Washer v. Cole

129 Wash. 331 | Wash. | 1924

Holcomb, J.

In this suit to foreclose a logger’s lien for services performed upon the premises described in the complaint, at the rate of thirty cents per thousand feet B. M. for all trees and timber cut from the land described, and expenses in connection therewith, including hoard and lodging, the trial court granted respondent a judgment in the sum of $1,318.25, after deducting all just credits and offsets, together with interest at the legal rate, and an attorney’s fee in the sum of $250, and costs.

Appellant contended that the agreement between him and respondent was that the logging operations performed hv respondent should not cost appellant over eight dollars per thousand feet.

The controversy wages over the question of fact of whether the contract was one for thirty cents per thousand feet for all the timber felled, or with the further condition that the cost should not exceed eight dollars per thousand feet.

The contract was for logging seven forty-acre tracts on which the lumbering timber was apparently some*332what scattered. Respondent supervised the falling of about 5,400,000 feet of timber, board measure, but before the land was completely logged, it seems, according to respondent’s case, appellant stopped operations. The price agreed upon may have been too high to be profitable to appellant.

The trial judge, who had the witnesses before him, found in favor of respondent.
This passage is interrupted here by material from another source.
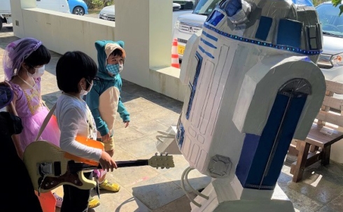 今年はさらにパワーアップし、段ボールをベースに手作りし、R2-D2に変身!

Numerically, the witnesses for respondent exceeded those for appellant, and as to their credibility, we are not in the same position to judge as was the trial court. The trial judge analyzed the facts very convincingly.

Under our long established rule, the findings of the trial court will not be disturbed on appeal where the evidence is conflicting, unless we are able to say from the record that the evidence preponderates against the findings of the trial court. There was a square conflict in the evidence, but the preponderance is with respondent rather than with appellant. We are therefore unable to disturb the judgment.

Judgment affirmed.

Main, C. J., Tolman, Mitchell, and Mackintosh, JJ., concur.